On top of everything, these goats had no regard for tortoise nesting areas. On their way to find new food they would completely trample eggs in nests, and crush all possibility of future generations of tortoises.

In recent years, Ecuador's National Park Service set forth a plan to begin eradicating the island's goats. By this point, the flocks of goats were so dense hunters began the process by aerial hunting via helicopters. This method quickly and effectively reduced the goat population, but the job didn't end there. The next step was to hunt the goats by land. Hunters were aided by specially trained dogs, raised and trained within the breeding center itself.

Finally, the next, and possibly more interesting portion of the eradication process began. This process was known as “The Judas Project” and used special “Judas” goats (who as you soon see were fittingly named after the biblical figure) to continue the eradication process. Now that the goats weren’t so densely populated all over the island, they were a lot more difficult to find.  Because of this, the National Park Service came up with a plan to designate special sterilized goats. Fitted with a tracking collar, the Judas goats were sent back into the wild where, being the social animals they are, would eventually find a new flock to join and through their tacking collars lead the hunters right to it. The hunters would then kill off all the goats except the Judas, and the process would begin again. Over time this method led to the eventual eradication of goats on San Cristóbal Island.

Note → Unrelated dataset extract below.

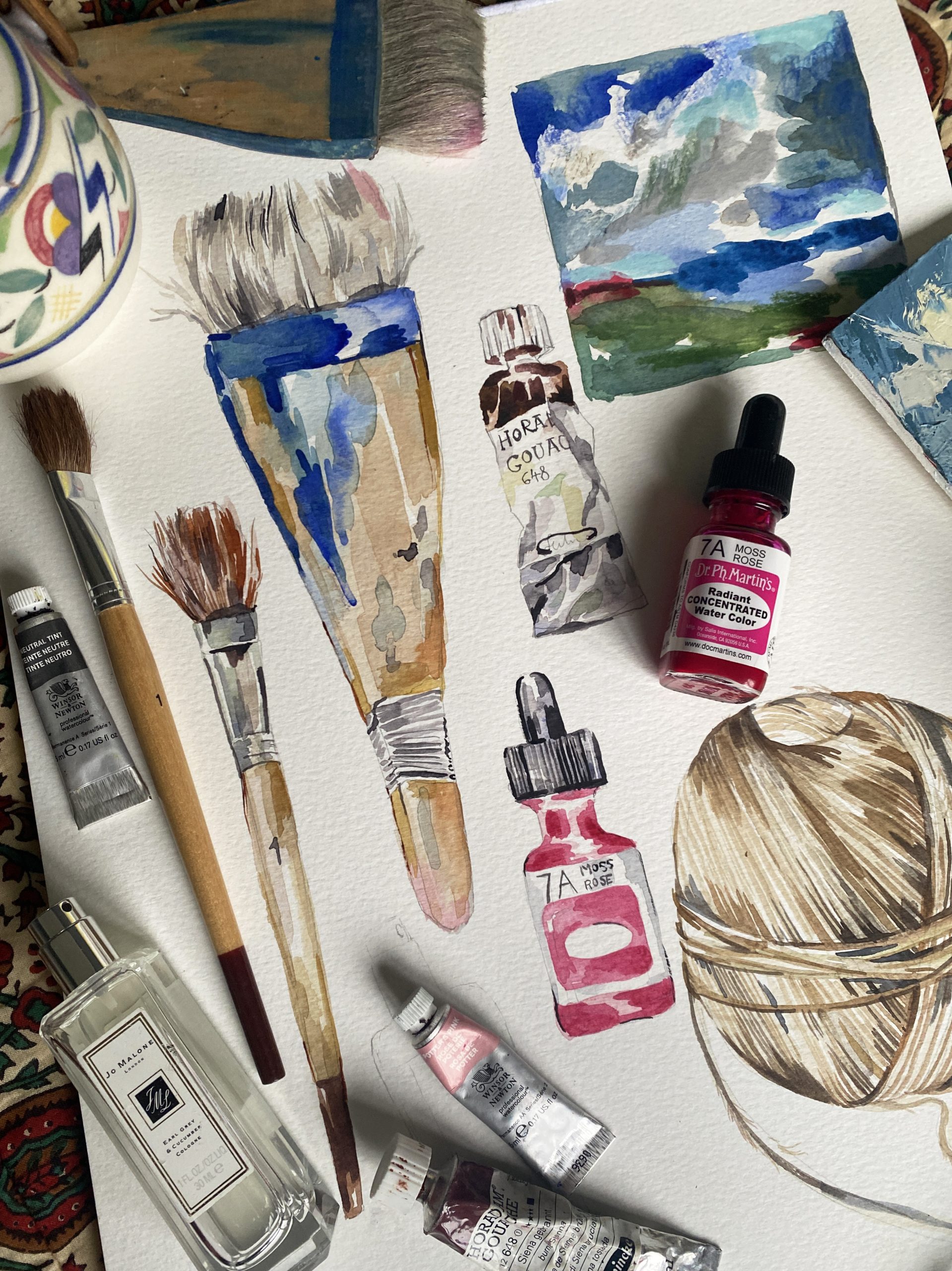 A good drawing is the framework for everything I paint. This week we will try various drawing exercises taking the beauty from everyday items as inspiration. Drawing with unfamiliar materials and looking closely at the textures and forms of old paint tubes, shells, vintage pots etc.

While this may not be the happiest story for the goats, the project was extremely effective in the extermination of a serious threat to the declining population of rare tortoises. Although the regrowth of the tortoise population has taken years, the results are continuously showing that the numbers are heading in the right direction. What began as a problem caused by humans is now a problem being solved by humans; a slow and steady process for gentle giants of the same nature.